With regard to the new PD...he's been really great for the program -- well published, a great role model and team builder and he has really built the program up to include new research faculty. He's also successfully improved the curriculum and, along with the assistant-PD, has improved the peds experience for the program.
I've rotated now twice in the LGH FH dept. and I would agree that this a really great program --
1. Well-rounded (many deliveries, peds is busy, IM is busy w/ a wide variety, FM service is VERY busy, and outpatient is excellent).
2. Great residents (attracts good candidates, at the end of the first year, all are very proficient and have an impressive body of clinical experience).
3. Unopposed in the best sense of the word (FM residents are well-respected by staff and attgs, the most well respected of any programs in IM, OB/GYN, etc that I've seen as a student) AND academic (two hrs a day of PRACTICAL lecture/case review plus attg rounds that are teaching-heavy. Teaching from IM is excellent, compares to academic IM programs, teaching in outpatient is preceptoring and effective).
4. BUSY (in a good way: Q4 for 9 months of 1st year, 5 or so of those months are intense, the others are maybe not as intense call night wise. The FCM faculty and residents account for about 160,000 patient encounters/year and its gotten even busier now that the other hospital in Lancaster has shut its doors to medicaid) but 2nd and 3rd year are much better (Q8-10 for a few months). I'm convinced that the reason this program is so successful is that there is a huge volume first year (with time for teaching and learning about patients) that creates a foundation to build on for two whole years. This is in contrast to IM programs that are spread evenly for three years -- there you'd get good by the end of three years but with little opportunity for polish and refinement.

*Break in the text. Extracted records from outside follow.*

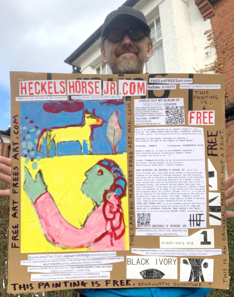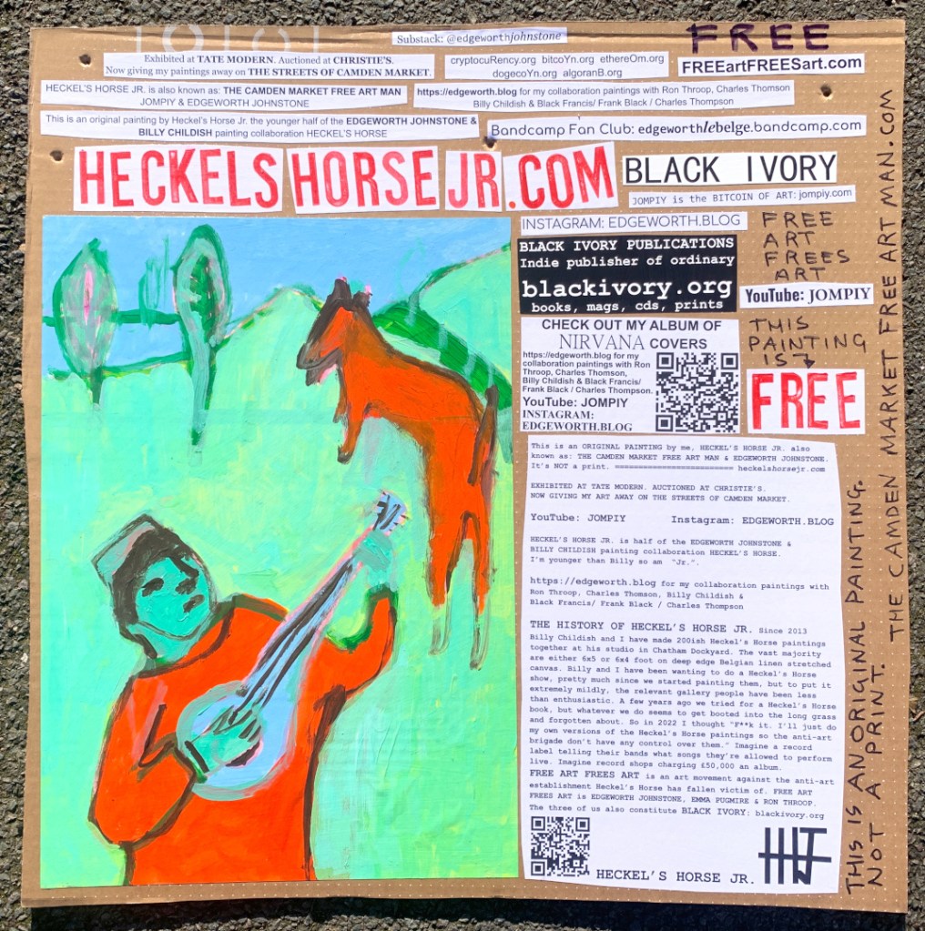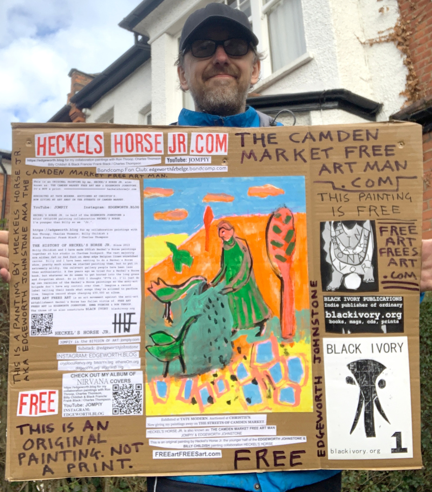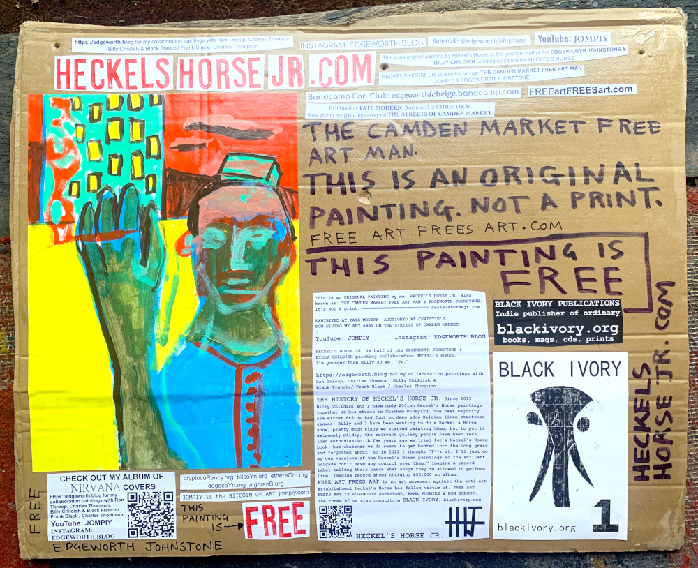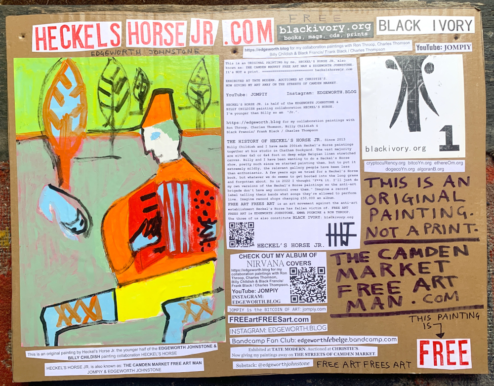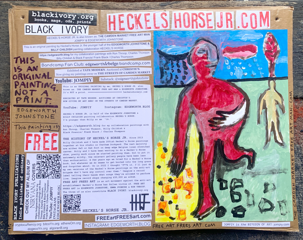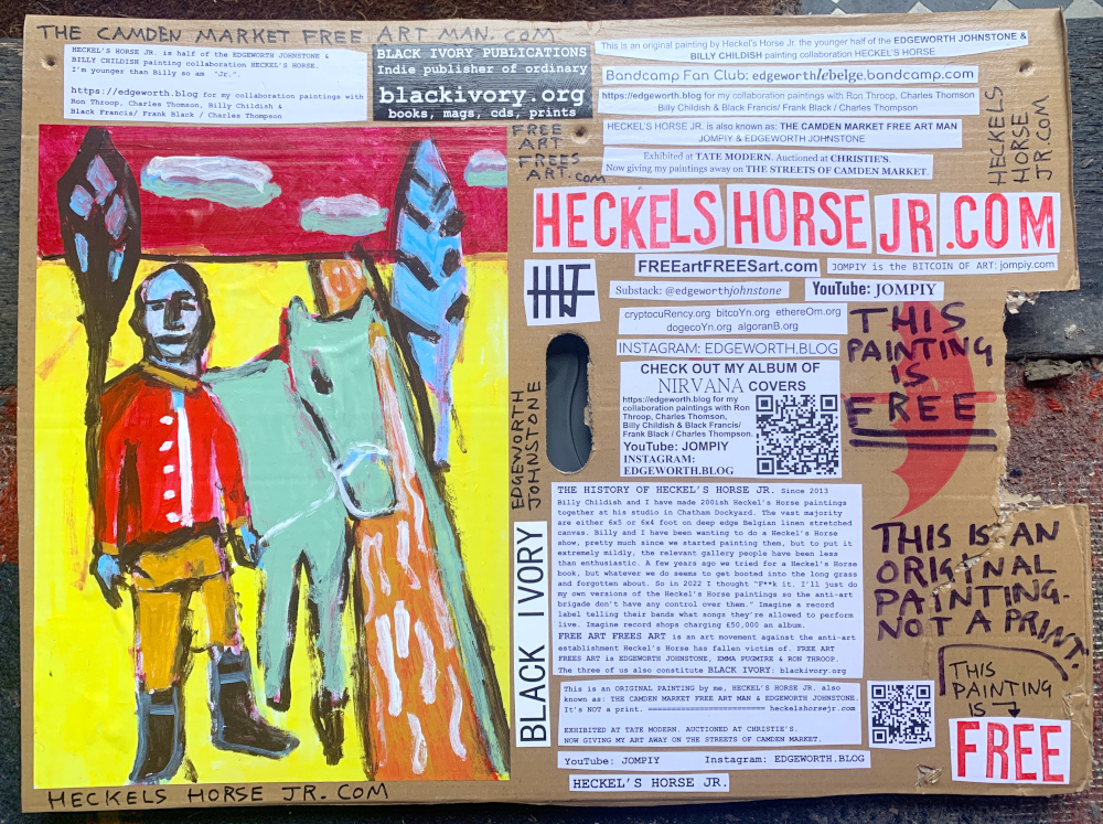 I make these 12 inch Nirvana LPs from second hand vinyl I buy in charity shops. Hand made monoprints on the album cover and face of the vinyl. They come in a clear crystal album sleeve, are signed and numbered and can be bought on my Etsy and Ebay shops. I also give them away at my Camden Market Free Art Man Political Protest Against Expensive Art. If you go to Camden and I’m not there, Moonlight Sculpture sell them on Maker’s Alley, near the Amy Winehouse statue and Cyberdog. See this Instagram post for a clearer picture of where that is:
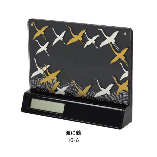 10-6 蒔絵時計付き写真立て「集い」 波に鶴
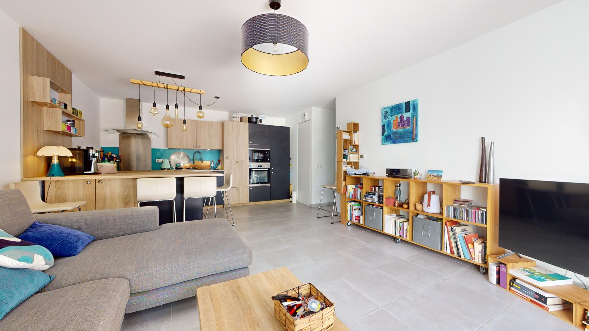 La pièce à vivre de 36 m2 avec cuisine ouverte entièrement aménagée et équipée avec des matériaux de qualités s’ouvre sur la terrasse de 70 m2 et le jardin arboré de 40 m2.
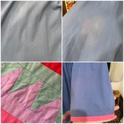こちらはくすみブルーのボディに映えるパステルのパッチワークが本当に最高、、、
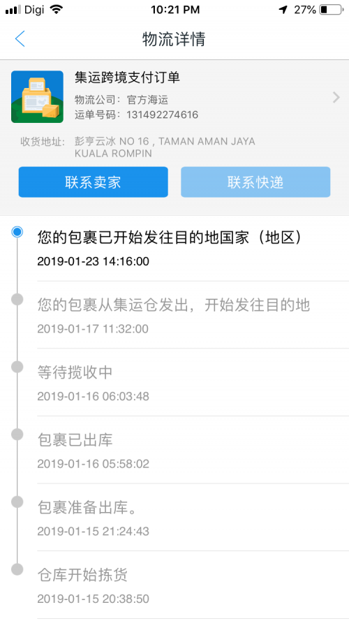 QUOTE(Zephius516 @ Jan 25 2019, 07:37 PM) Guys anyone here come across this kind of problem where taobao update stuck at the highlighted line in below image, but when ask customer service said that parcel already pass customs and currently shipping to malaysia ( i use sea shipping therefore my parcel already in the ship sailing to malaysia now as per CS reply). Shouldn't taobao update the status when the parcel pass customs before the parcel go for sea shipping cause i saw many other who post their parcel status had those line when parcel goes for customs clearance and passed clearance. It takes days for them to update when it ships from warehouse to overseas.<a href='https://pictr.com/images/2019/01/25/0exw7Q.md.png' target='_blank'>https://pictr.com/images/2019/01/25/0exw7Q.md.png </a> |
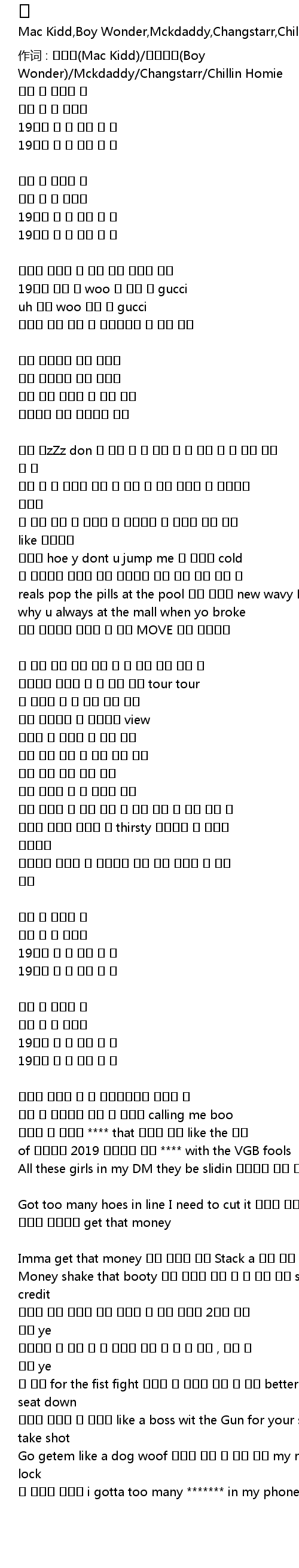 作词 : 맥키드(Mac Kidd)/보이원더(Boy Wonder)/Mckdaddy/Changstarr/Chillin Homie |
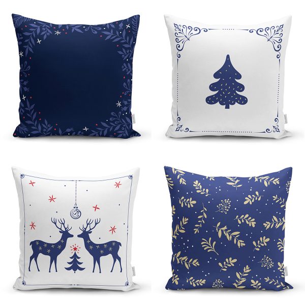4’lü Lacivert Yılbaşı Temalı Dijital Baskılı Modern Kırlent Kılıfı Seti
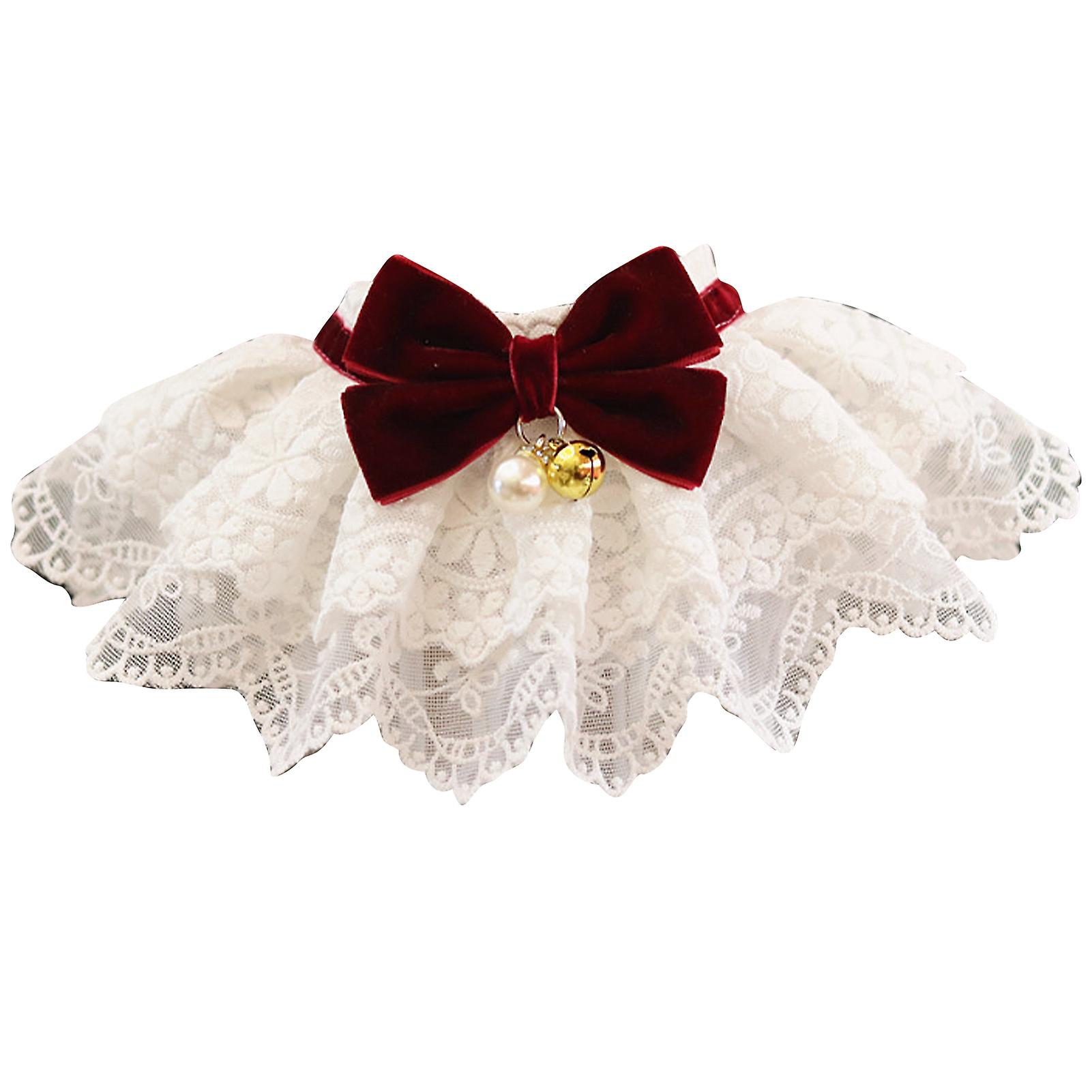 Pet Lace Bibs Collar Cute Bow Soft Easy to Wear Comfortable Bib Scarf for Dog Cat Decoration Wine Red S
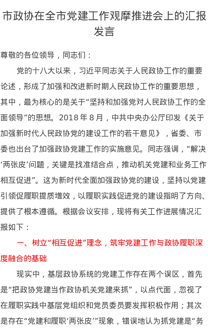 市政协在全市党建工作观摩推进会上的汇报发言
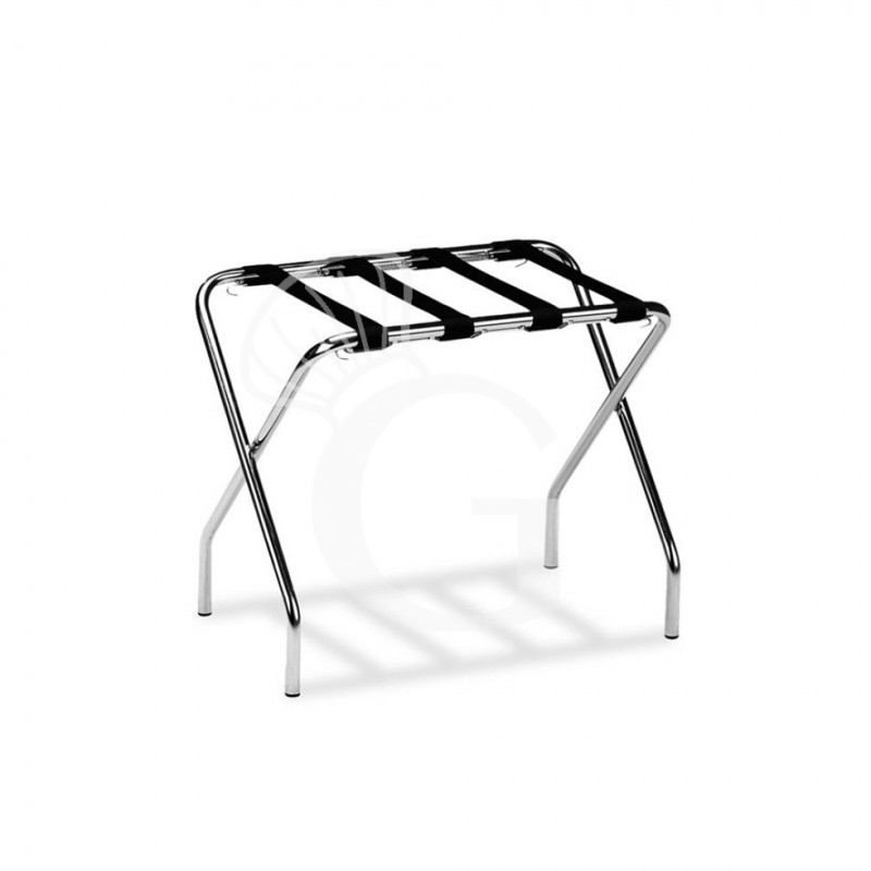 Portaequipajes con estructura plegable en tubo de acero cromado y correas desmontables de PVC de color negro. Patas de goma antirrayaduras.
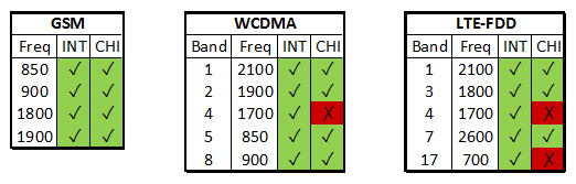 ההבדלים בתדרים הנתמכים בין הגירסה הסינית לבינלאומית -
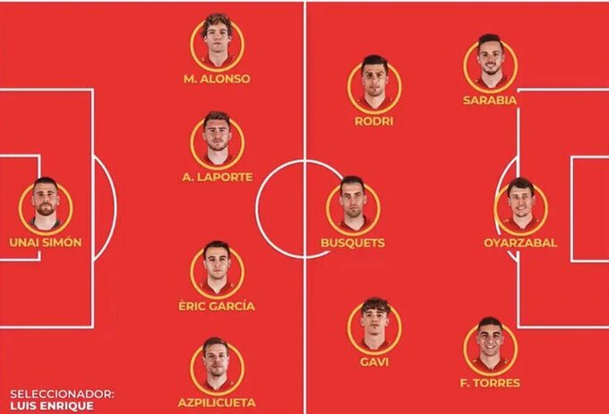 Испания: Унаи Симон, Аспиликуэта, Ляпорт, Гарсия, Алонсо, Гави, Бускетс, Родри, Ферран Торрес, Сарабия, Ойярсабаль.

5. OB: Many deliveries, C/S assist possible, a good mix of low risk and high risk deliveries. Prenatal care is also busy. GYN training is good for outpatient. Certainly enough opportunity to "specialize" during residency in Women's Health or perinatal issues.
6. Medical student teaching is abundant and 2nd years are expected to run services/call and teach 1st years.
7. Faculty are excellent, always focused on teaching the residents.
In all, the program has been churning out family docs for years and the hospital is pretty much build around the philosophy of FM. LGH is a very good hospital -- top 50 in five or six specialties in US News (for what that's worth) and its growing.
I could comment further, but I have to stop. I would highly recommend checking the program out for an interview.